Bookshelf

No news, but McCain bio engaging

Do we really need another biography of Sen. John McCain?

After all, nearly a dozen books were written by and about the Arizona Republican before he captured his party’s presidential nomination last year.

{mosads}These include no fewer than five books by McCain and his alter ego and co-author, Mark Salter, that were aimed at advancing McCain’s presidential ambitions, including the well-received Faith of My Fathers (1999), Worth the Fighting For (2002), Why Courage Matters (2004), Character is Destiny (2005) and the 2007 campaign tome, Hard Call: The Art of Great Decisions.

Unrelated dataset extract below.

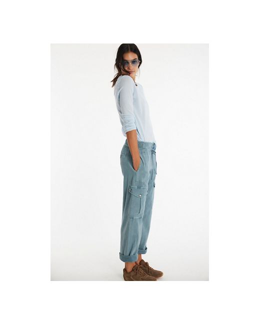 A cool new take on a forever classic, these cargo-inspired pants are featured in a high-rise, fitted style with staple pocket detailing for a utility-inspired touch. **Fit:** Fitted, high-rise style **Features:** Elasticated drawstring waistband, slight flare at bottom, slim fit throughout, defined pocket detailing, soft cotton fabrication **Why We ❤ It:** The ideal pair to dress up with a heel for a night out or keep casual with a sandal for your daytime thing. We The Free Park Ave Pants at Free People in Autumn Sky, Size: XS

 And there were excellent biographies published after McCain’s Straight Talk Express ran out of gas while seeking the GOP nomination in 2000, including Elizabeth Drew’s Citizen McCain (2002), Paul Alexander’s Man of the People: The Life of John McCain (2003) and Robert Timberg’s John McCain: An American Odyssey (2007). And that doesn’t count my personal favorite, Timberg’s acclaimed The Nightingale’s Song (1995), in which he chronicled the lives and careers of five fellow graduates of the U.S. Naval Academy from the Vietnam era — McCain, Bud McFarland, Oliver North, John Poindexter and Sen. Jim Webb (D-Va.).

 Any of the previous books, as well as Elaine Povich’s workmanlike biography, would have become best-sellers had McCain won the election, but since he didn’t, they will serve to chronicle for future generations one of the most remarkable life stories of any contemporary American public figure, who’s obviously not ready to ride off into the western sunset.

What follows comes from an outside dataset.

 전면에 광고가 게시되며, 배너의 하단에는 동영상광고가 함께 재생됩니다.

 Povich’s book, John McCain: A Biography, is one of a series of biographies commissioned by Connecticut-based Greenwood Press and designed for high school students “who need challenging yet accessible biographies” that are “fun to read.” Its 85 previous subjects range from Al Capone to Princess Diana to Yo-Yo Ma, and include President Obama, Secretary of State Hillary Rodham Clinton and House Speaker Nancy Pelosi (D-Calif.) — also by Povich.

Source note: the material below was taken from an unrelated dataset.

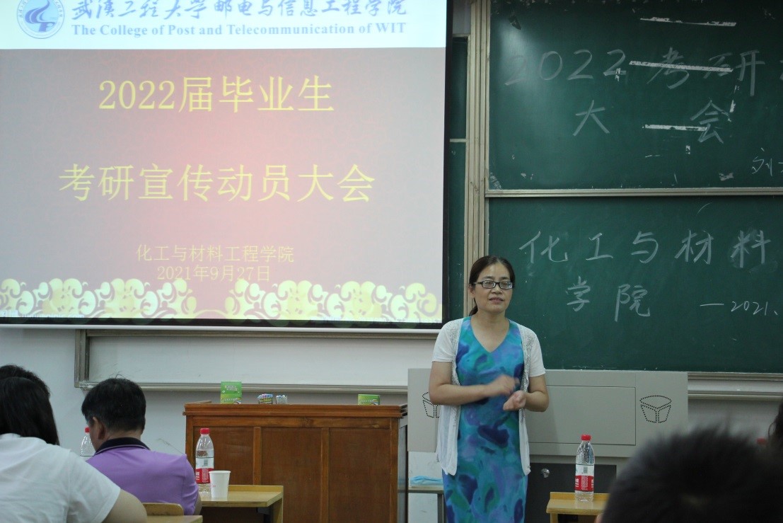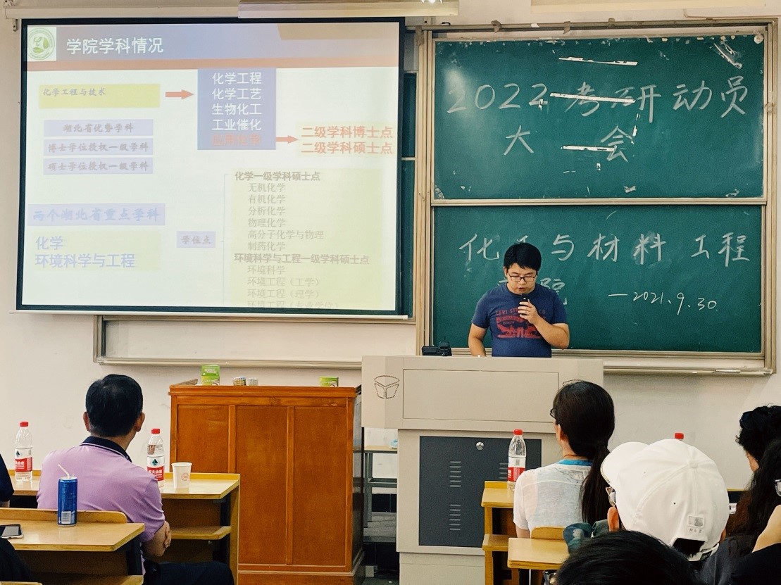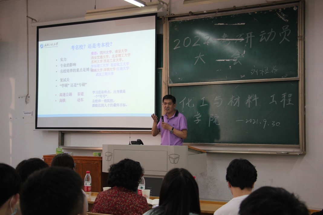 本次大会邀请了与化材学院的专业相关联的武汉工程大学四个学院的教授:武汉工程大学化学与环境工程学院张丽华教授、郭盛教授;材料科学与工程学院院长周爱军教授;化工与制药学院刘根炎教授;资源与安全工程学院、兴发矿业学院吝曼卿教授,他们亲临现场为同学们讲解2022年考研的新政策、新变化,营造了良好的考研、求职就业的氛围。

 Povich, a veteran Washington correspondent who covered Congress for Newsday and the Chicago Tribune and is now a freelance journalist, is well-qualified to tell McCain’s life story. While there isn’t much she’s able to tell us about McCain that we didn’t already know, from his nearly six years in a North Vietnamese prison to his involvement in the Keating scandal to his emergence as a leading Senate maverick, she does it in an interesting and engaging way.

 Povich properly acknowledges her debt to the McCain-Salter books; to other McCain biographers like Timberg and Alexander; and to the vast body of journalistic coverage of McCain, such as The Arizona Republic’s exhaustively researched 14-part series in 2007. But she also does her homework, by interviewing McCain as well as his mother and brother; his Naval Academy classmates and former Navy comrades, including fellow Vietnam POW Orson Swindle, and former Senate colleagues and aides.

 For example, McCain’s 97-year-old mother Roberta, whose outspoken nature inspired her famous son’s penchant for telling it like it is, told Povich how McCain had to attend some 20 different schools while growing up as the son of an admiral posted to bases around the world. “He soon learned to cope in the best way he knew — with humor and with a certain tough side that dared schoolmates to cross him,” Povich writes.

 And as future political rivals and others who would tangle with McCain would discover, his mother cited an early example of his temper. “Johnny was a happy child,” she said, except when he flew into occasional rages, holding his breath and turning blue until he passed out, and making wisecracks that sometimes got him into trouble.

 Another important clue to understanding McCain was the influence of William Ravenel, a teacher at St. Stephen’s Episcopal High School in Alexandria, Va., where McCain’s parents enrolled him when his father was at the Pentagon. “He was one of the few people to whom I confided that I was bound for Annapolis and a Navy career,” McCain told Povich during the 2008 presidential campaign.

 It was Ravenel, McCain said, who instilled in him the Episcopal honor code that remains his most important trait: “I will not lie; I will not cheat; I will not steal: I will report the student who does.” McCain told Povich that he did not fully understand the things that Ravenel was talking about until he found himself in a Vietnamese prison many years later.

 “He was the one guy I wanted to see when I got out of prison,” McCain recalled. “There wasn’t anybody I felt I could talk to about it. I just wanted to see Ravenel. I wanted to tell him that I finally understood there in Hanoi what he had been trying to tell me all those years about life and what it means. I wanted to thank him and apologize for being so stupid.” But Ravenel died two years before McCain was released from prison.

 There’s obviously much more to John McCain’s life story, and Povich tells it as well as any of his previous biographers, often drawing on her own reporting, as she did in her story about his victory over George W. Bush in the 2000 New Hampshire primary, when it appeared McCain was on his way to winning the GOP nomination.

 It took him eight more years to do that, as it turned out, and even though he didn’t achieve his ultimate goal, John McCain remains a force to be reckoned with in the Senate and American politics, which is enough to justify yet another biography of this remarkable politician.